Today, the Angels are 0-1 in New York. Three games remain.

Angel Notes

Neither Terry Clark nor Mike Fetters stuck around long enough after the game to answer questions, so Willie Fraser was designated spokesman for the beleaguered Angel pitching staff. Fraser said Fetters was “nervous” before getting the call from the bullpen in the second inning. “He was nervous when he came in to change (clothes) before the game,” Fraser said. “I know what that’s all about. The first one is always tough. You’re trying to do so good and you’re trying to impress so many people, you can lose track of what you’re doing. And Yankee Stadium is a tough place to play in. He did all right.”

Fetters wasn’t alone Friday night. Despite a 7-1 lead after two innings, New York Manager Bucky Dent said he sweated out every inning until the final out. “I never relax,” Dent said. “Even in triple-A when I had big leads, I never relaxed.” With the Yankees these days, you can never be sure. Before Friday, New York hadn’t won consecutive games since July 29-30. “I wasn’t even thinking of that,” said Dent, now 4-11 as Yankee manager. “I was just worried about getting a couple wins here.”

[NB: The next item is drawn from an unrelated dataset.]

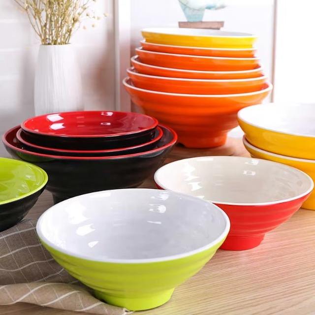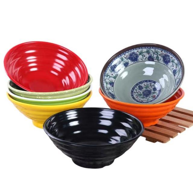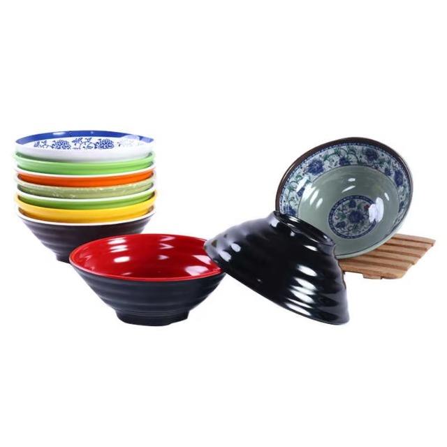 ชามบะหมี่กึ่งยาวแบบญี่ปุ่นชามเมเนียพอร์ซเลนสำหรับใช้ในเชิงพาณิชย์ชามพลาสติกเส้นก๋วยเตี๋ยวขนาดใหญ่สำหรับเสิร์ฟก๋วยเตี๋ยวข้าว

Call It a Promotion: On the day every other major league team expanded its roster, the Yankees reduced theirs, sending rookie infielder Hensley Muelens back to double-A Albany-Colonie. Unlike the Yankees, Albany-Colonie is in the playoffs, taking a 1-0 lead over Reading with a 16-3 win Friday night in the Eastern League’s championship series. So Muelens, who played 104 games and had 11 home runs and 45 runs batted in with Albany, will rejoin his old teammates to bolster their pennant run.